How much is your business worth?

Jan. 1, 2020
Most business owners would not invest in stocks if they could not check their value, yet they do not know the value of their largest investment — their business.
Most business owners would not invest in stocks if they could not check their value, yet they do not know the value of their largest investment — their business.

They might rely on rules of thumb, such as EBITDA (earnings before interest, taxes, depreciation and amortization) and revenue multiples to estimate value. However, this can give an inaccurate estimate of a business' value, which can lead to bad decisions and missed opportunities.

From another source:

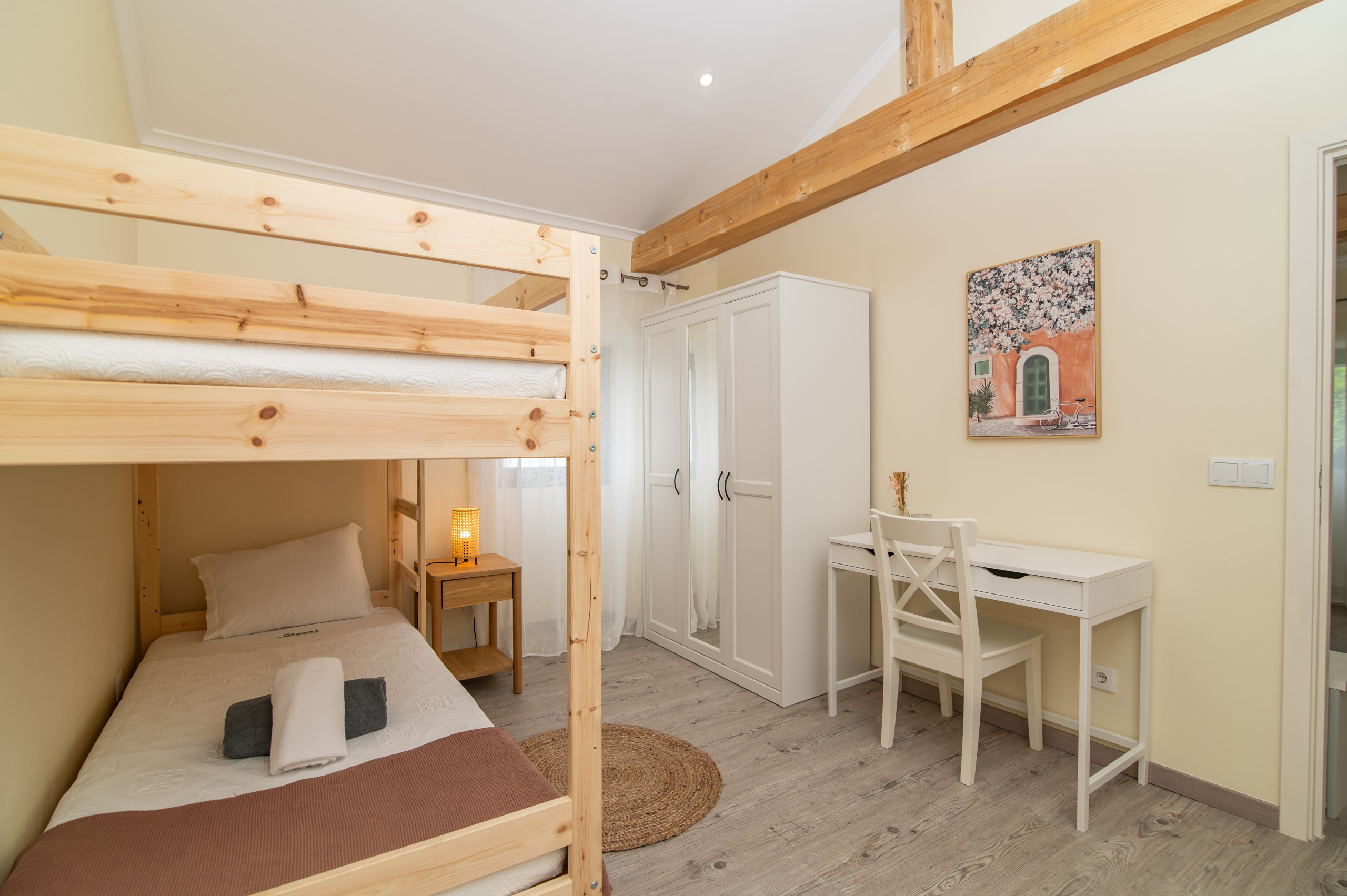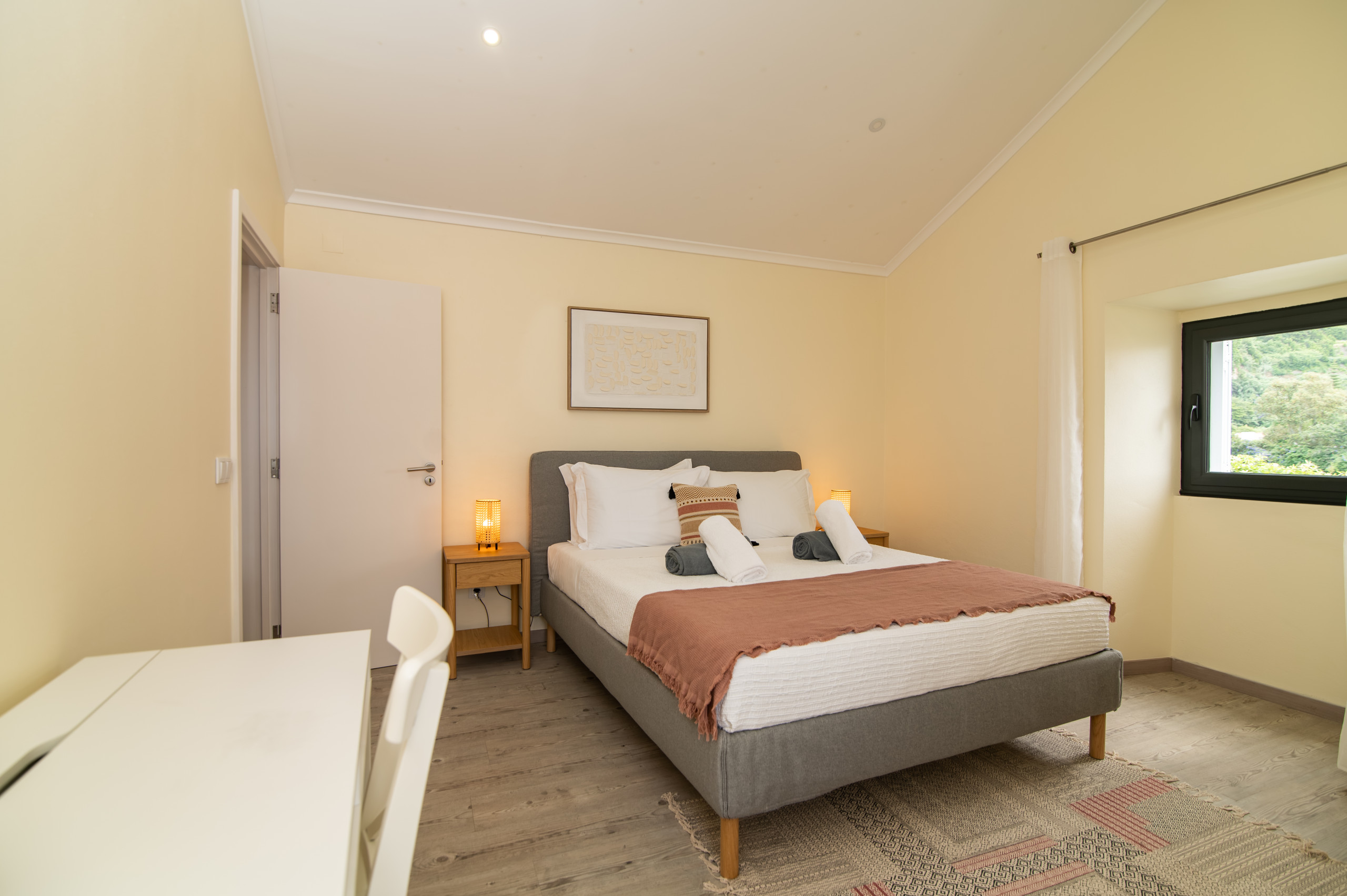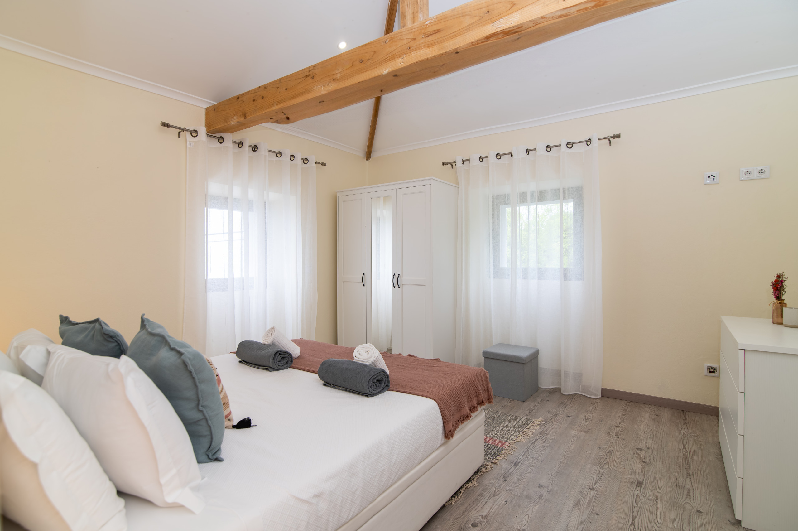 A casa dispõe de três quartos acolhedores – dois com cama de casal e um com um beliche, perfeitos para acolher famílias ou pequenos grupos. Com duas casas de banho, a estadia torna-se ainda mais prática e confortável para todos os hóspedes.

For example, if you hear a competitor sold his business for six times EBITDA, you cannot assume your business would sell for that price. Without knowing the details of the transaction, you do not know whether the same multiple can be applied to your business. How do your gross margins and sales growth compare? How much are each of your salaries? If you do not have access to all the details, you cannot accurately assess your business' value.

Some business owners assume their balance sheets show the value of their business. However, the value of most businesses is different from the balance sheet amounts, which are based on historical amounts, not current values. Your equipment might be fully depreciated and show zero value on the balance sheet. If a buyer approached you today, would you sell for that price?

More value off the balance sheet

The value of a business is based on the cash flows. To understand — and increase — value, you must learn what drives cash flow and makes the business unique.

Accurately valuing a business involves answering questions about the company and its operations. Here are some examples:

  • What makes your customers buy? Could you command a higher price by repackaging and repositioning your products with an emphasis on quality or safety?
  • What is the value of the company's intellectual property? Assets such as software development costs, patents and trademarks might appear on the balance sheet at a cost that does not reflect true value. Other assets, such as customer lists, supply agreements or a highly trained workforce do not appear on the balance sheet.
  • What is the true cash flow to equity? Is the owner's nonworking spouse driving a $100,000 Mercedes paid for by the company? Are family members on the payroll being paid appropriate salaries? Asking these questions can reveal a more accurate picture of the company's cash flow and value.
  • Is a solid management team in place? Having a solid non-ownership management team can be a huge boost to value. A buyer is concerned with his ability to generate cash flow after he has purchased your business. If the business is too heavily dependent on you, the business will have less value to a buyer.
  • How well is the company managed? Is the company using its assets to its greatest advantage? Compare a variety of factors to other companies in the same industry, such as sales per dollar of fixed assets and employee, gross margin and working capital turnover. If the business has a unique product or process, is it properly utilized?
  • Are there opportunities to improve the top line? Are appropriate resources devoted to sales and marketing, or are the salespeople simply order-takers? Are there opportunities to extend existing product lines or to tap new markets? Opportunities for sales growth can obviously have a huge impact on value.
  • How can operations be improved? How much can cash flow be improved by streamlining operations and cutting unnecessary costs? Are there nonessential assets that can be liquidated?
  • What are the company's hidden assets? Does the business have information other companies want, such as market intelligence or customer lists? Does the company have assets that would be difficult, risky or time-consuming for someone else to duplicate?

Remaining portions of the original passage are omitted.